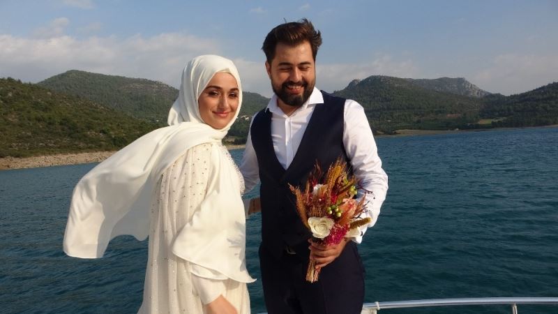 Salondan kaçtılar, baraj gölü ortasında teknede nikah kıydılar
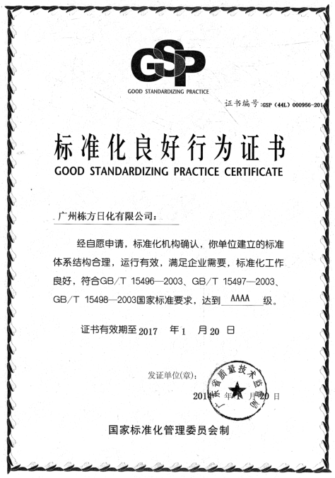 2017年4月20日,廣州市質量監(jiān)督檢測研究院與標準化研究院組織6人評審組,對廣州棟方生物科技股份有限公司進行了“標準化良好行為企業(yè)”首次復審。經一系列嚴苛的資料審核、現(xiàn)場確認等程序,棟方股份以總計465的高分(總分500)優(yōu)勢,順利通過專家評審組的一致確認,繼續(xù)保持“國家AAAA級標準化良好行為企業(yè)”的榮譽稱號。
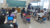 3年生の算数の授業です。問題文を読んで、どのような計算式で答えが求められるかをみんなで考えていました。

□ □ □

§ **Assigned task**
In your copy, include no pictures and only the lines from the line with "2017年4月20日,廣州市" through the final line of the listing above, reproduced exactly.

§ **Solution for this exercise**
 2017年4月20日,廣州市質量監(jiān)督檢測研究院與標準化研究院組織6人評審組,對廣州棟方生物科技股份有限公司進行了“標準化良好行為企業(yè)”首次復審。經一系列嚴苛的資料審核、現(xiàn)場確認等程序,棟方股份以總計465的高分(總分500)優(yōu)勢,順利通過專家評審組的一致確認,繼續(xù)保持“國家AAAA級標準化良好行為企業(yè)”的榮譽稱號。
 3年生の算数の授業です。問題文を読んで、どのような計算式で答えが求められるかをみんなで考えていました。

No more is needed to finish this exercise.